* [PATCH] mm: fix data race in __filemap_remove_folio / folio_mapping
[not found] <20260322190319.85301-1-abhishek_sts8.ref@yahoo.com>
@ 2026-03-22 19:03 ` Abhishek Kumar
2026-03-23 3:57 ` Matthew Wilcox
0 siblings, 1 reply; 3+ messages in thread
From: Abhishek Kumar @ 2026-03-22 19:03 UTC (permalink / raw)
To: Matthew Wilcox, Andrew Morton
Cc: linux-mm, linux-kernel, linux-fsdevel,
syzbot+606f94dfeaaa45124c90, Abhishek Kumar
KCSAN reports a data race between page_cache_delete() and
folio_mapping():
page_cache_delete() performs a plain store to folio->mapping:
folio->mapping = NULL;
folio_mapping() performs a plain load from folio->mapping:
mapping = folio->mapping;
page_cache_delete() is called from the truncation path under the i_pages
xarray lock, while folio_mapping() is called from the reclaim path
(evict_folios -> folio_evictable -> folio_mapping) under only
rcu_read_lock() without the xarray lock.
The race is benign since the reclaim path tolerates stale values --
reading a stale non-NULL mapping simply results in a suboptimal eviction
decision. However, the plain accesses risk store/load tearing and allow
the compiler to perform harmful optimizations (merging, elision, or
fission of the accesses).
Fix this by using WRITE_ONCE() in page_cache_delete() and READ_ONCE()
in folio_mapping() to prevent compiler misbehavior and silence the KCSAN
report.
Fixes: 2f52578f9c64 ("mm/util: Add folio_mapping() and folio_file_mapping()")
Reported-by: syzbot+606f94dfeaaa45124c90@syzkaller.appspotmail.com
Closes: https://syzkaller.appspot.com/bug?extid=606f94dfeaaa45124c90
Signed-off-by: Abhishek Kumar <abhishek_sts8@yahoo.com>
---
mm/filemap.c | 2 +-
mm/util.c | 2 +-
2 files changed, 2 insertions(+), 2 deletions(-)

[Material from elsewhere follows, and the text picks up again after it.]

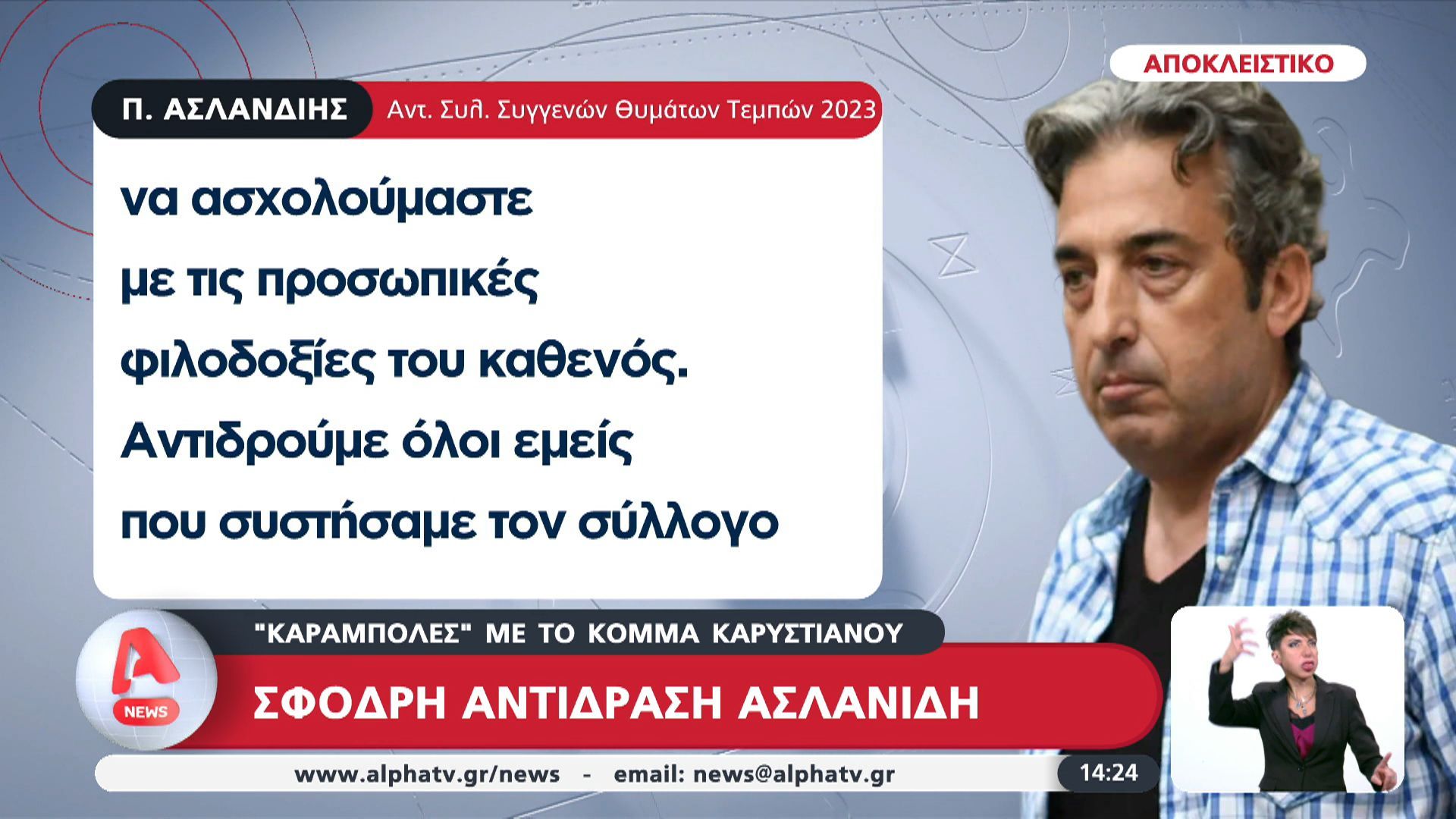 Ο Παύλος Ασλανίδης δήλωσε στον Alpha ότι οι πρόσφατες εξελίξεις γύρω από τη δημιουργία κόμματος από τη Μαρία Καρυστιανού υποδεικνύουν μια συνεχιζόμενη συγκάλυψη. Τόνισε την ανάγκη για ενότητα και ότι δεν είναι η κατάλληλη στιγμή για να ασχοληθούν με τις προσωπικές φιλοδοξίες.

diff --git a/mm/filemap.c b/mm/filemap.c
index 406cef06b684..bba669bd114f 100644
--- a/mm/filemap.c
+++ b/mm/filemap.c
@@ -142,7 +142,7 @@ static void page_cache_delete(struct address_space *mapping,
xas_store(&xas, shadow);
xas_init_marks(&xas);
- folio->mapping = NULL;
+ WRITE_ONCE(folio->mapping, NULL);
/* Leave folio->index set: truncation lookup relies upon it */
mapping->nrpages -= nr;
}
diff --git a/mm/util.c b/mm/util.c
index b05ab6f97e11..5ecb19ddf026 100644
--- a/mm/util.c
+++ b/mm/util.c
@@ -700,7 +700,7 @@ struct address_space *folio_mapping(const struct folio *folio)

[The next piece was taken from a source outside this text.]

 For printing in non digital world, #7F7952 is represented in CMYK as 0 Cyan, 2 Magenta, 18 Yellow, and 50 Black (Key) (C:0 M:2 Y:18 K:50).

if (unlikely(folio_test_swapcache(folio)))
return swap_address_space(folio->swap);
- mapping = folio->mapping;
+ mapping = READ_ONCE(folio->mapping);
if ((unsigned long)mapping & FOLIO_MAPPING_FLAGS)
return NULL;
--
2.43.0
^ permalink raw reply related [flat|nested] 3+ messages in thread
* Re: [PATCH] mm: fix data race in __filemap_remove_folio / folio_mapping
2026-03-22 19:03 ` [PATCH] mm: fix data race in __filemap_remove_folio / folio_mapping Abhishek Kumar
@ 2026-03-23 3:57 ` Matthew Wilcox
2026-03-23 10:47 ` Pedro Falcato
0 siblings, 1 reply; 3+ messages in thread
From: Matthew Wilcox @ 2026-03-23 3:57 UTC (permalink / raw)
To: Abhishek Kumar
Cc: Andrew Morton, linux-mm, linux-kernel, linux-fsdevel,
syzbot+606f94dfeaaa45124c90, Axel Rasmussen, Yuanchu Xie, Wei Xu
On Mon, Mar 23, 2026 at 12:33:19AM +0530, Abhishek Kumar wrote:
> KCSAN reports a data race between page_cache_delete() and
> folio_mapping():
>
> page_cache_delete() performs a plain store to folio->mapping:
> folio->mapping = NULL;
>
> folio_mapping() performs a plain load from folio->mapping:
> mapping = folio->mapping;
>
> page_cache_delete() is called from the truncation path under the i_pages
> xarray lock,
That's not relevant. The important lock for maintaining folio->mapping
is the folio lock (see the VM_BUG_ON_FOLIO line in page_cache_delete()).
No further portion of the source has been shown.